======== DATA ========
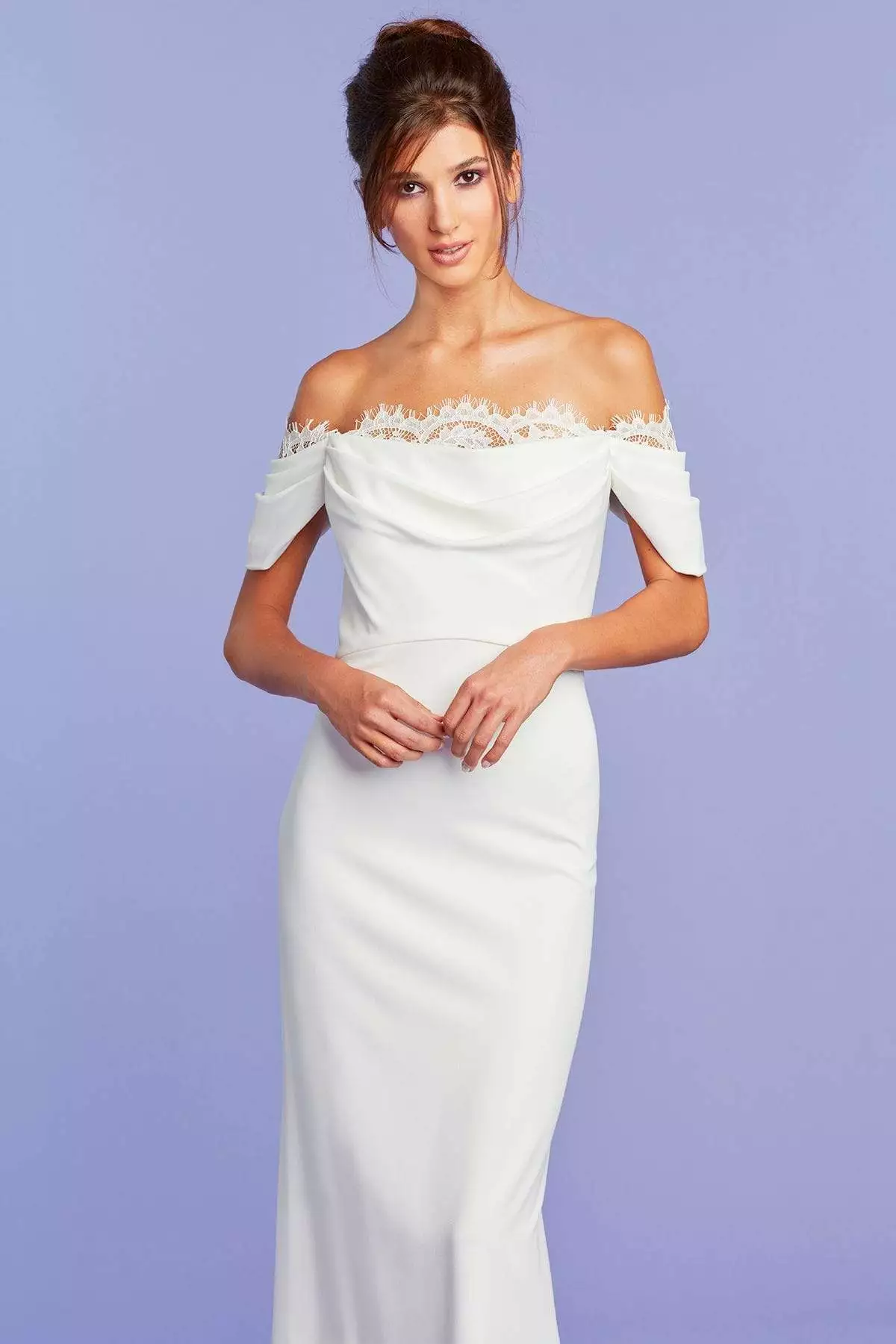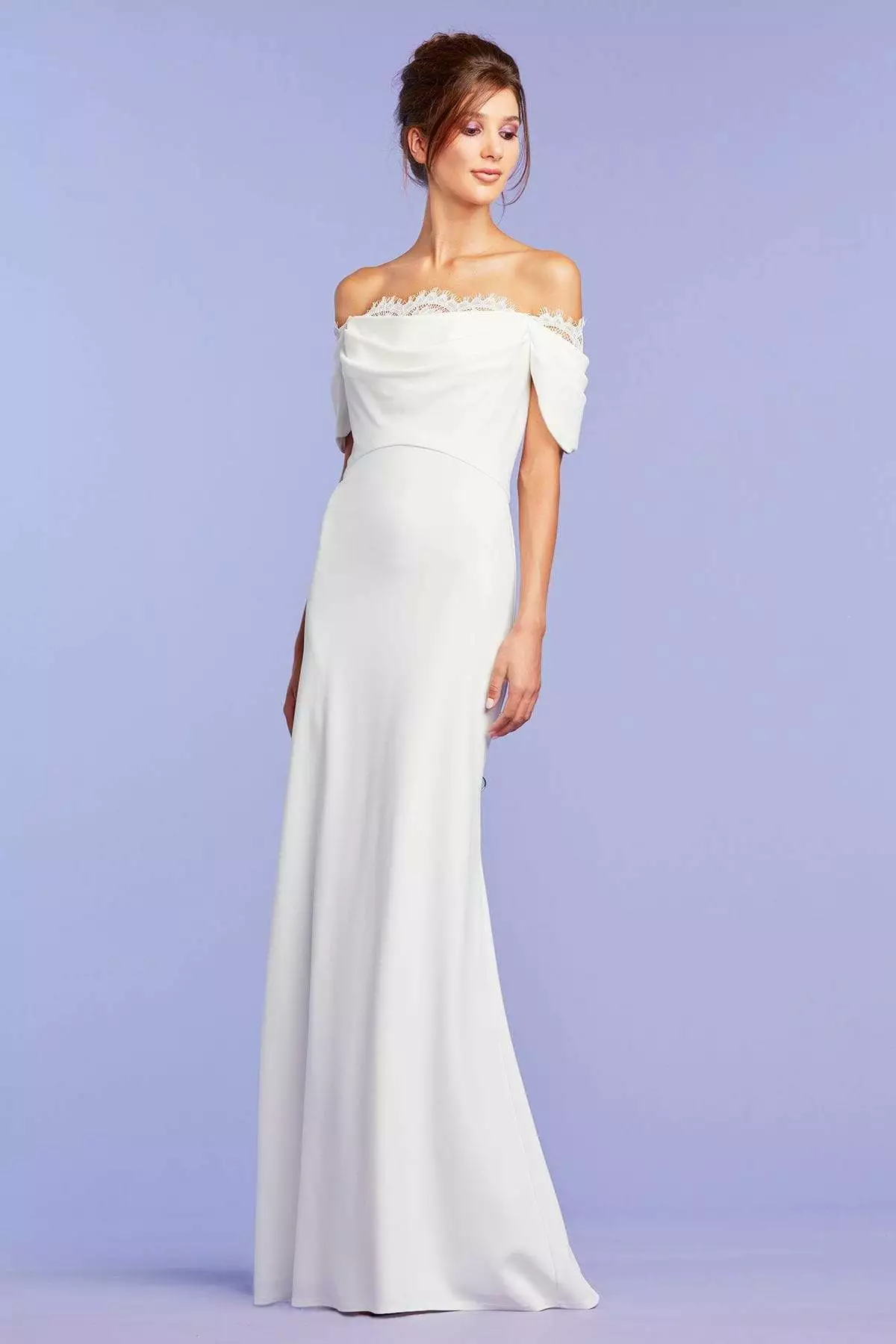Infuse your special event with stellar style in this Tadashi Shoji BOS20408LBR. Features an off shoulder neckline adorned with scalloped trim, this ethereal dress has a slim silhouette that falls down to the floor and ends with a sweep train. This Tadashi Shoji is sure to create a striking look that is sure to make anyone remember your grand entrance.
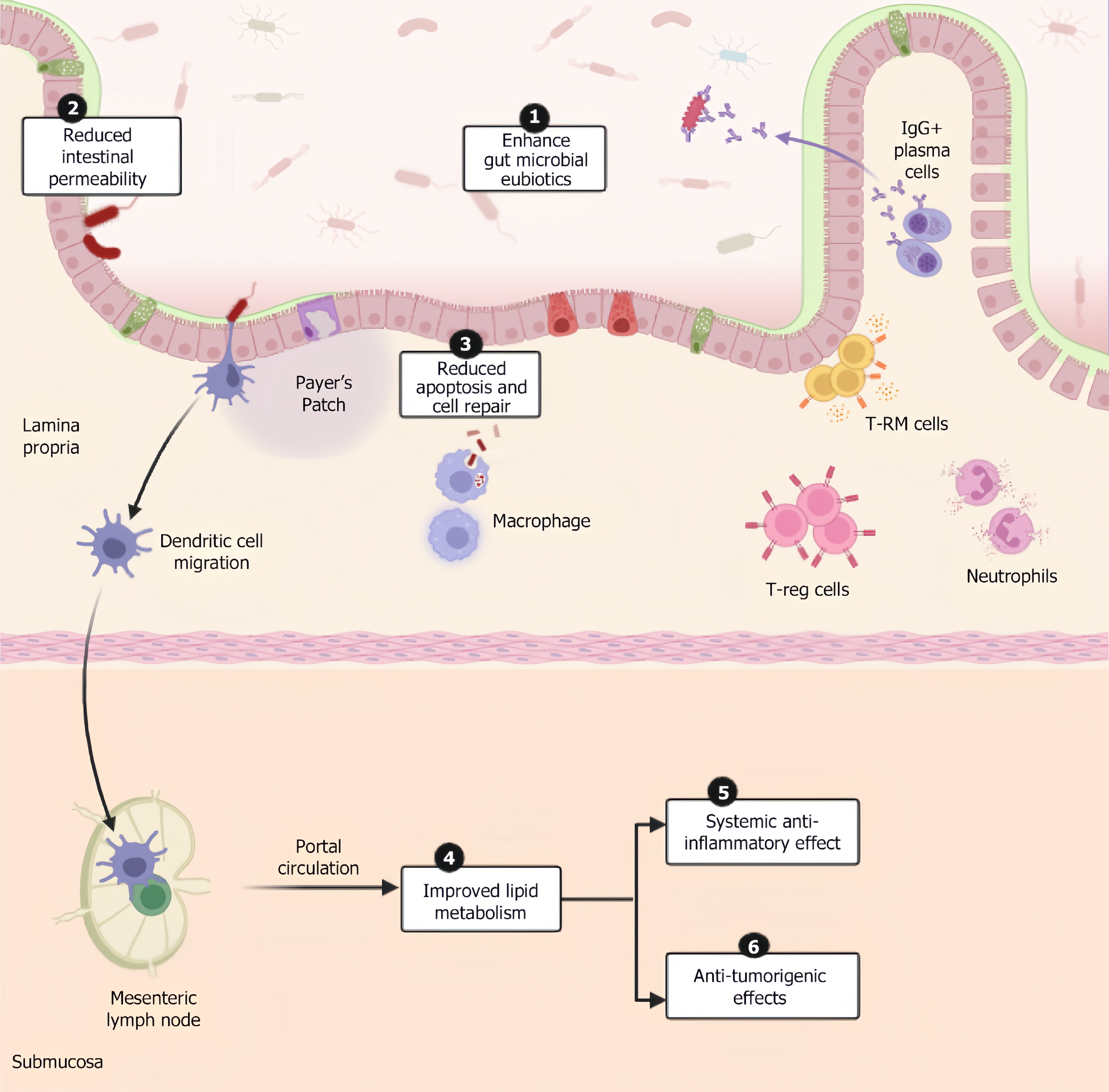 This includes (1) Enhancement of gut eubiosis, favouring commensal species while suppressing pathogenic strains; (2) Strengthening intestinal integrity by upregulation of occludins, tight junctions etc.; (3) Enhanced epithelial regeneration and mucosal healing promotes cell repair and reduces apoptosis; (4) Improved transit of lipid metabolites with enhanced processing at liver resulting in reduced pro-inflammatory lipid mediators; (5) Modulation of immune cells reduces excessive inflammation; and (6) Reduction of chronic inflammation and regulation of metabolism lowers the risk of malignant transformation. IgG: Immunoglobulin G; T-RM: Resident memory T.
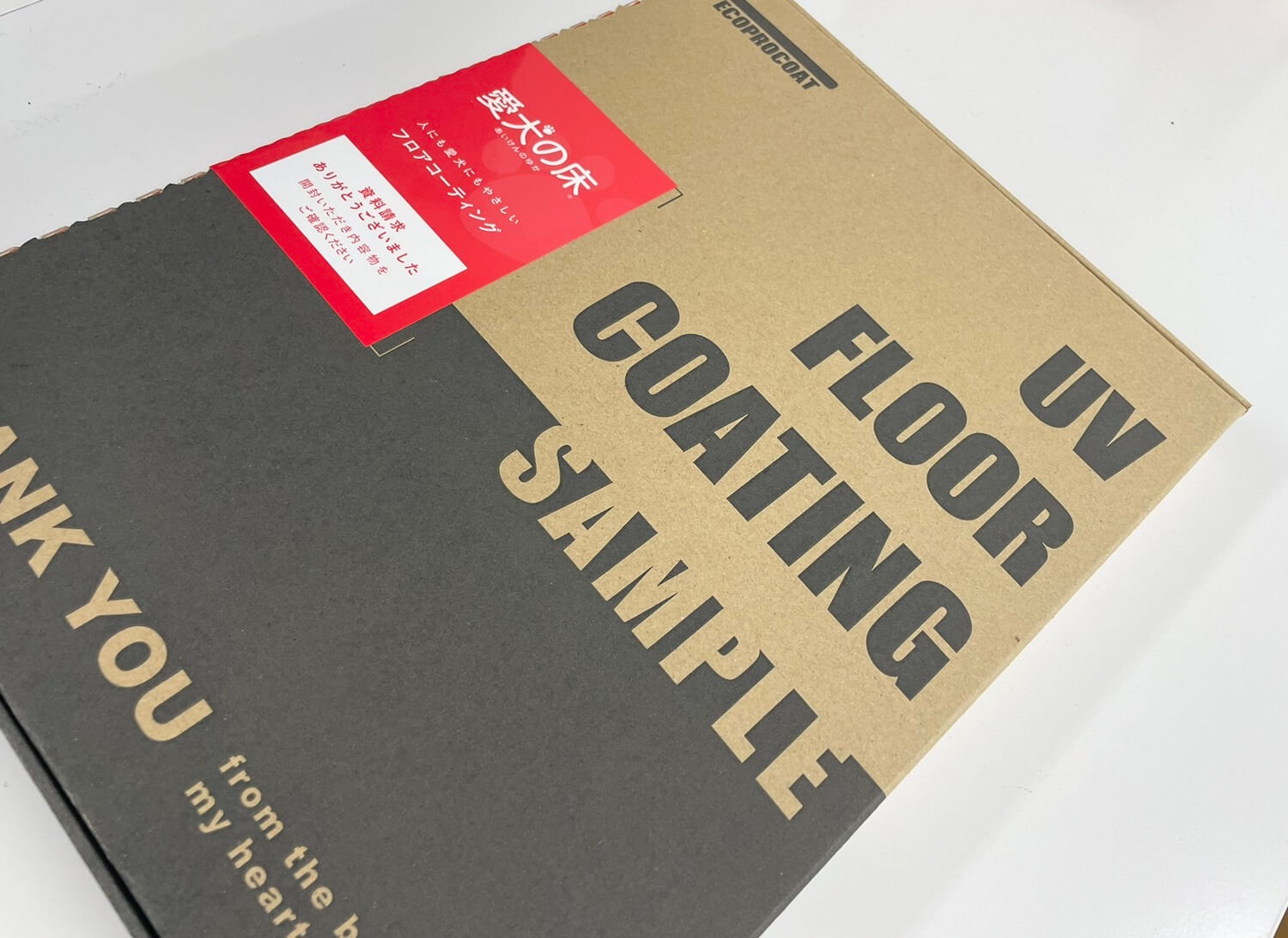 小さいサイズではございますが、実物のフローリングに愛犬の床を施工したサンプルをお送りします。
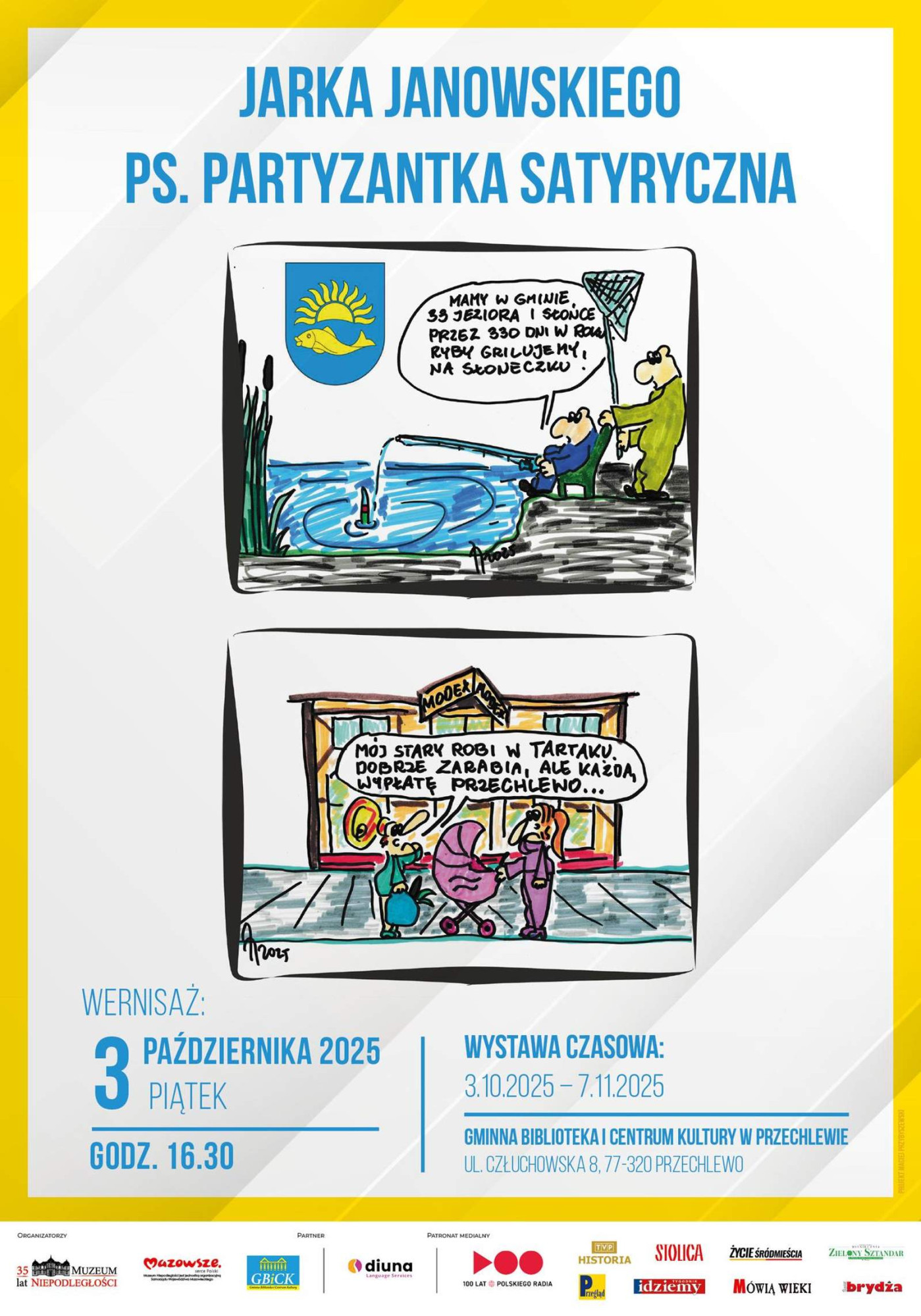 W piątek 3 października o godz. 16:30 w Gminnej Bibliotece i Centrum Kultury w Przechlewie odbędzie się wernisaż wystawy Jarka Janowskiego "Partyzantka Satyryczna".
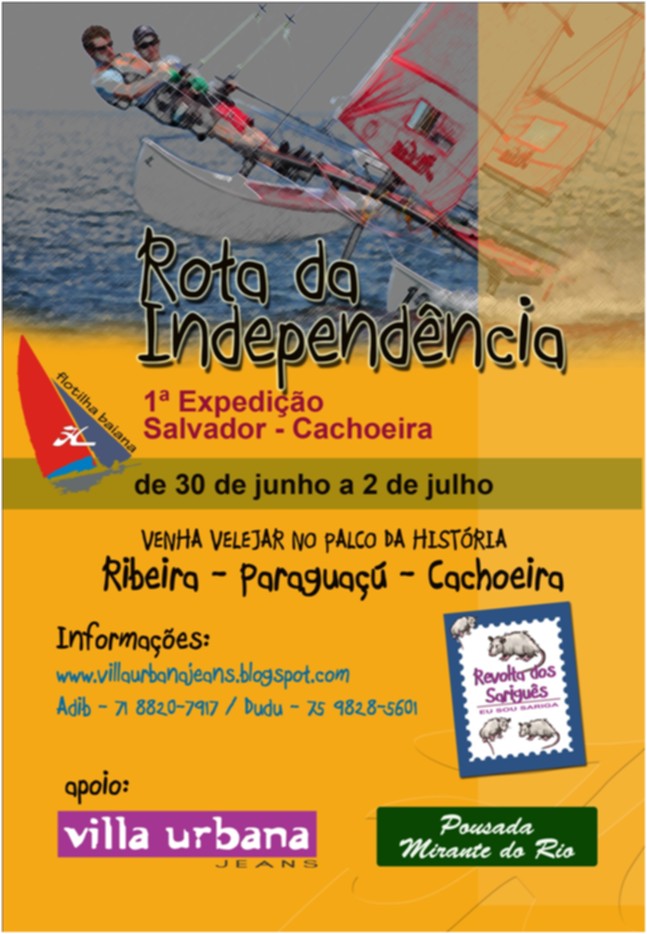 Bem no início de julho de 2012, inspirados, na idéia do então capitão da flotilha baiana de hobie cat, Anselmo Costa , e no exemplo de Beto Pandianni ( que liderou a expedição Miami-Rio de Janeiro em 2 barcos HC 21), eu Adib Salloum e Ricardo Andrade resolvemos por em prática e realizar uma expedição, que saiu da praia da Ribeira(Salvador-Bahia Brasil), atravessou a baía de Todos os Santos, e subiu o Rio Paraguaçu, cenário de uma beleza Natural ímpar, até alcançar a histórica cidade de cachoeira. O Percurso foi de de 73 km, medidos em GPS, e devido ao feriado, da independencia da Bahia, e por ser exatamente a rota inversa das tropas libertadoras do jugo Português, foi batizado de ROTA DA INDEPENDENCIA DA BAHIA.
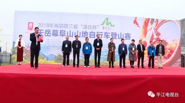 湖南省体育局群体处副处长何创福宣布2018年湘鄂赣三省天岳幕阜山山地自行车登山赛开幕。副县长潘如意等出席开幕式。她表示,这次活动选择在国家级森林公园天岳幕阜山风景区举行,既是落实党的十九大精神要求,广泛开展群众性体育活动,加快推进体育强国建设的具体行动,也是对平江体育事业和旅游发展水平的一次高规格检验,更是一次让全国更多的朋友走进平江,感知平江的机会。她希望透过比赛,能让更多的人了解和走进平江,同时,努力掀起全民健身的新高潮,让更多的人真正享受到运动带来的健康和快乐。
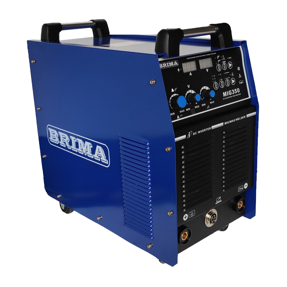 BRIMA MIG-350 DIGITAL – является сварочным инверторным полуавтоматом, предназначенным для сварки сплошной проволокой в защитных газах (данный способ сварки в соответствии с ИСО 4063-90 имеет следующее сокращение – MIG Metal Inert Gas, MAG Metal Active Gas) таких материалов, как углеродистая и легированная стали. В качестве защитных газов используются активные газы (углекислый газ, газовая смесь) при сварке MAG, которые принимают участие в формировании сварного соединения, и инертные – при сварке MIG (аргон, гелий), которые не вступают в химическое взаимодействие с металлами и практически не растворяются в них. Благодаря защите зона сварки не подвергается вредному окислительному воздействию окружающей среды и резко возрастает качество сварного соединения.
========
**EXERCISE GOAL**: Exactly reproduce the lines that run from the first line of the listing above to the line containing "湖南省体育局群体处副处长何创", including both; omit the pictures.

**EXERCISE ANSWER**:
Infuse your special event with stellar style in this Tadashi Shoji BOS20408LBR. Features an off shoulder neckline adorned with scalloped trim, this ethereal dress has a slim silhouette that falls down to the floor and ends with a sweep train. This Tadashi Shoji is sure to create a striking look that is sure to make anyone remember your grand entrance.
 This includes (1) Enhancement of gut eubiosis, favouring commensal species while suppressing pathogenic strains; (2) Strengthening intestinal integrity by upregulation of occludins, tight junctions etc.; (3) Enhanced epithelial regeneration and mucosal healing promotes cell repair and reduces apoptosis; (4) Improved transit of lipid metabolites with enhanced processing at liver resulting in reduced pro-inflammatory lipid mediators; (5) Modulation of immune cells reduces excessive inflammation; and (6) Reduction of chronic inflammation and regulation of metabolism lowers the risk of malignant transformation. IgG: Immunoglobulin G; T-RM: Resident memory T.
 小さいサイズではございますが、実物のフローリングに愛犬の床を施工したサンプルをお送りします。
 W piątek 3 października o godz. 16:30 w Gminnej Bibliotece i Centrum Kultury w Przechlewie odbędzie się wernisaż wystawy Jarka Janowskiego "Partyzantka Satyryczna".
 Bem no início de julho de 2012, inspirados, na idéia do então capitão da flotilha baiana de hobie cat, Anselmo Costa , e no exemplo de Beto Pandianni ( que liderou a expedição Miami-Rio de Janeiro em 2 barcos HC 21), eu Adib Salloum e Ricardo Andrade resolvemos por em prática e realizar uma expedição, que saiu da praia da Ribeira(Salvador-Bahia Brasil), atravessou a baía de Todos os Santos, e subiu o Rio Paraguaçu, cenário de uma beleza Natural ímpar, até alcançar a histórica cidade de cachoeira. O Percurso foi de de 73 km, medidos em GPS, e devido ao feriado, da independencia da Bahia, e por ser exatamente a rota inversa das tropas libertadoras do jugo Português, foi batizado de ROTA DA INDEPENDENCIA DA BAHIA.
 湖南省体育局群体处副处长何创福宣布2018年湘鄂赣三省天岳幕阜山山地自行车登山赛开幕。副县长潘如意等出席开幕式。她表示,这次活动选择在国家级森林公园天岳幕阜山风景区举行,既是落实党的十九大精神要求,广泛开展群众性体育活动,加快推进体育强国建设的具体行动,也是对平江体育事业和旅游发展水平的一次高规格检验,更是一次让全国更多的朋友走进平江,感知平江的机会。她希望透过比赛,能让更多的人了解和走进平江,同时,努力掀起全民健身的新高潮,让更多的人真正享受到运动带来的健康和快乐。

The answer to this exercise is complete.